Ground C was that there was a plain error of law on the face of the Decision Notice, in that the First tier Tribunal was not entitled, irrespective of any factual findings it might make, to go behind the HMRC figure for the father’s unearned income. This ground of appeal was supported by the Secretary of State.
The screen-print of the HMRC data supplied to the CMS stated that the total amount of the father’s unearned income was £30,000. The father’s SATR for 2014/15 confirmed a payment of a dividend of £30,000. Additionally, the property pages of the SATR included details in respect of two properties. First, the income from a furnished caravan holiday let was £7,573 but with allowable expenses of £9,251, resulting in a loss for the year on that venture (after making provision for capital allowances of £27,063) of £28,741. Second, another rental property had a taxable profit of £4,191 (£6,900 in rent minus £2,709 in loan interest).

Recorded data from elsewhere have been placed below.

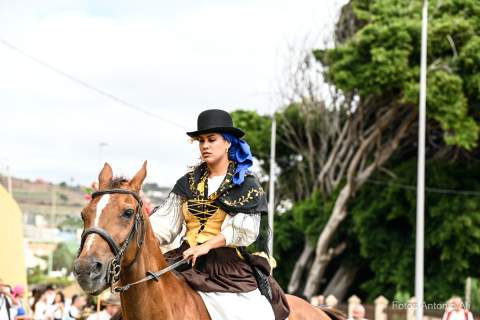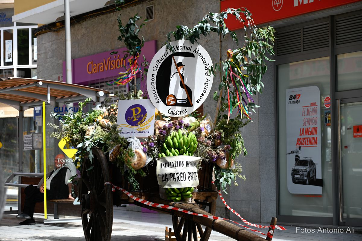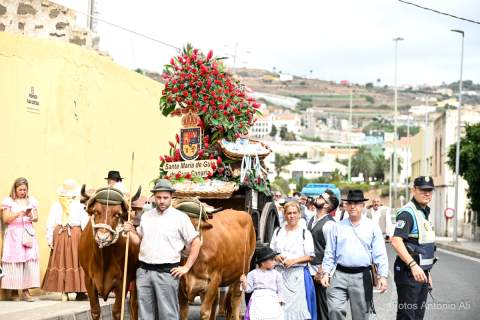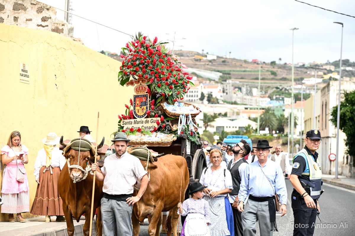 Tras el turno de las corporaciones comenzó el desfile de carretas, las parrandas y la animación del resto de romeros, que fueron disfrutando del recorrido y luciendo un correcto uso de la vestimenta tradicional en sus diferentes versiones y diseños de todas las islas. Los barrios de Gáldar y los colectivos se fueron sumando a la fiesta en un recorrido que fue una demostración de las costumbres canarias, con las carretas luciendo su decoración y sus ofrendas. Y tras las tiradas por yuntas, llegaron las protagonizadas por grupos de amigos y familias. La romería siguió en la Plaza de Santiago toda la noche con el Baile de Taifas y la posterior actuación de DJ Promaster.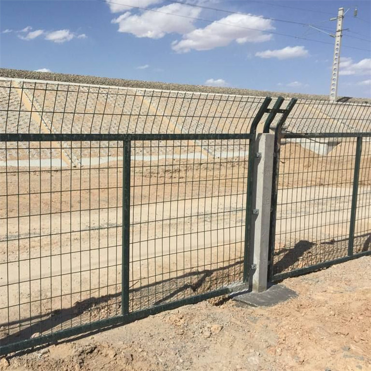 在高壓輸電線穿過安裝鐵路防護柵欄的地方, 防護柵欄應按電力部的規定接上地線。立柱的埋設應分段進行,先埋兩端的立柱,然后拉線埋設中間立柱。從縱向看,立柱的軸線應在一條直線上,不得出現參差不齊的現象從高度看,柱頂應平順,不得出現高低不平的情況。尺寸和型號符合要求的鐵路防護柵欄網片,應按圖紙規定的方式從立柱端部開始牢固安裝到立柱的掛鉤上或將網片安裝在鐵路內,鐵路與立柱連接應牢固。所有的網片及鐵絲均應繃緊而不變形,其安裝高度應符合圖紙規定。防護柵欄安裝完畢,立柱基礎均需進行后壓實處理。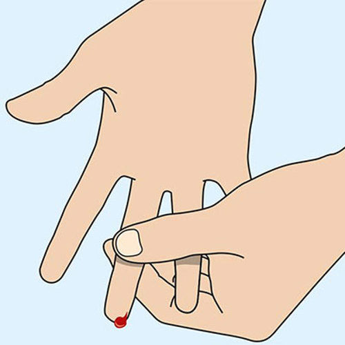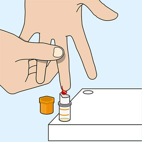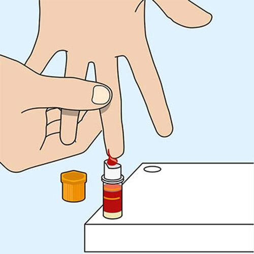 Massage your hand and finger, without squeezing, to help the blood drop into the blood collection tube.

The First-tier Tribunal decided that the father’s unearned income was £34,191, and not just the dividend payment of £30,000. In its summary reasons it explained that the father had no taxable income from the caravan furnished holiday let. However, it noted he had a profit of £4,191 declared on his SATR from the other rental property. The Tribunal stated that this taxable income could not be set off against the loss from the caravan holiday let (citing section 127ZA of the Income Tax Act 2007). The Tribunal added that “it was not clear why the figure from HMRC had not included the property income of £4,191.00”, so concluding that the father’s total unearned income for 2014/15 was not £30,000 but rather £34,191.
This ground of appeal turned on the proper interpretation of regulation 69(3) which reads as follows:
“the amount of the non-resident parent’s unearned income is to be determined by reference to information provided by HMRC at the request of the Secretary of State in relation to the latest available tax year and, where that information does not identify any income of a kind referred to in paragraph (2), the amount of the non-resident parent’s unearned income is to be treated as nil.”
In effect, the First-tier Tribunal read the key phrase “is to be determined by reference to information provided by HMRC” as meaning “is to be informed by reference to information provided by HMRC”, rather than as being conclusively decided by such information.
Whilst the Upper Tribunal indicated that the wording was ambiguous, when read in a purposive manner and seen in context of the relevant provision as a whole, the words should be taken to say that the information provided by HMRC was conclusive and thus First Tribunal erred in law in assessing the father’s unearned income at £34,191 rather than £30,000.
The father’s appeal was allowed, and the decision of the First-tier Tribunal set aside. The case was remitted for rehearing.